Figure 10-4 TH Network Deployment in an Interworking Network
For the sake of discussion, assume that all of the networks are Protected Networks and the Protected Networks and Trusted Network Lists shown in Table 10-2 and Table 10-3 are configured:
Table 10-2 Example Protected Networks Configuration
Protected Network Name | Protected Network Realm Name | Trusted Network List Name |
---|---|---|
N1 | n1.com | Trusted Networks-1 |
N2 | n2.com | Trusted Networks-2 |
N3 | n3.com | Trusted Networks-3 |
N4 | n4.com | Trusted Networks-4 |
Table 10-3 Example Trusted Network Lists Configuration
Protected Network Name | Network Realm List |
---|---|
Trusted Networks-1 | n3.com |
Trusted Networks-2 | n3.com n4.com |
Trusted Networks-3 | n2.com |
Trusted Networks-4 | n1.com n2.com n3.com |
Based on the example Protected Networks and Trusted Network Lists, the trust relationship matrix among the four networks in this example configuration is shown in Table 10-4.
Table 10-4 Network Trust Relationship Matrix
Protected Network | Relationship with Peer Network | |||
---|---|---|---|---|
N1 | N2 | N3 | N4 | |
N1 | Trusted | Not Trusted | Trusted | Not Trusted |
N2 | N2 | Not Trusted | Trusted | Trusted |
N3 | Not Trusted | Trusted | Trusted | Not Trusted |
N4 | Trusted | Trusted | Trusted | Trusted |
Is this network Untrusted by at least one other network? | Yes | Yes | No | Yes |
Based on the Network Trust Relationship Matrix, the Peer Node element settings for the network shown in Table 10-5 would be used:
Table 10-5 Example Topology Hiding Status Settings
Peer Node | Topology Hiding Status Element Setting |
---|---|
Peer Node-1 | Enabled |
Peer Node-2 | Enabled |
Peer Node-3 | Disabled |
Peer Node-4 | Enabled |
With the information in Table 10-5, the TH type-independent criteria for determining whether a message is a potential candidate for Topology Hiding/Restoral are defined in Table 10-6.
Table 10-6 General Criteria for Determining Whether a Message is a TH Candidate
TH Trigger | Message | Message Path | General Topology Hiding/Restoral Candidate Criteria |
---|---|---|---|
RTH | Request | Protected-to-Untrusted | Egress Peer Node Topology Hiding Status is Enabled, AND Origin-Realm is a Protected Network X, AND Destination-Realm is an Untrusted Network to Protected Network X |
RTR | Request | Untrusted-to-Protected | Ingress Peer Node Topology Hiding Status is Enabled, AND Destination-Realm is a Protected Network X, AND Origin-Realm is an Untrusted Network to Protected Network X |
ATH | Answer | Protected-to-Untrusted | Egress Peer Node Topology Hiding Status is Enabled, AND Origin-Realm is a Protected Network X, AND Realm of the Diameter Node that originated the transaction is an Untrusted Network to Protected Network X TH Trigger point ATH occurs after the Diameter Routing Function deallocates the PTR for the transaction.

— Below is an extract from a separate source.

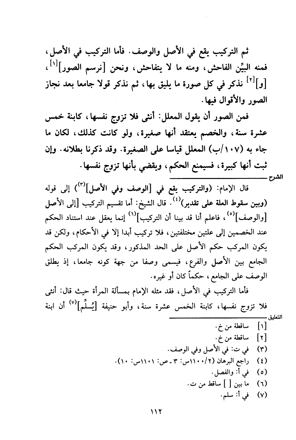 قال الإمام: (والتركيب يقع في [الوصف وفي الأصل]) إلى قوله (وبين سقوط العلة على تقدير). قال الشيخ: أما تقسيم التركيب [إلى الأصل [والوصف]، فاعلم أنا قد بينا أن التركيب] إنما يعقل عند استناد الحكم عند الخصمين إلى علتين مختلفتين، فلا تركيب أبدًا إلا في الأحكام، ولكن قد يكون المركب حكم الأصل على الحد المذكور، وقد يكون المركب الحكم الجامع بين الأصل والفرع، فيسمى وصفًا من جهة كونه جامعًا، إذ يطلق الوصف على الجامع، حكمًا كان أو غيره.

Therefore, the Origin-Realm value that was received in the Request message must be stored in the Application-Data stack event just before deallocating the PTR in order for the Diameter Routing Function to make an evaluation at ATH of whether the Answer response is being sent to an Untrusted Network. |
ATR | Answer | Untrusted-to-Protected | PTR contains one or more indications that topology information restoral is required For Untrusted-to-Protected Answer messages, any information that was hidden in the egress Request is a candidate for restoral regardless of which Network sends the Answer message response. Topology information restoral at ATR is always performed regardless of the egress Peer Node's Topology Hiding Status if Topology Hiding was performed on the egress Request message for this Diameter transaction. |
If the TH Trigger Point criteria defined in Table 10-6 are met, then the Diameter Routing Function must determine which TH types are enabled for the associated Protected Network. Each TH type might have additional criteria that must be met in order to determine whether topology-related information hiding or restoral is required.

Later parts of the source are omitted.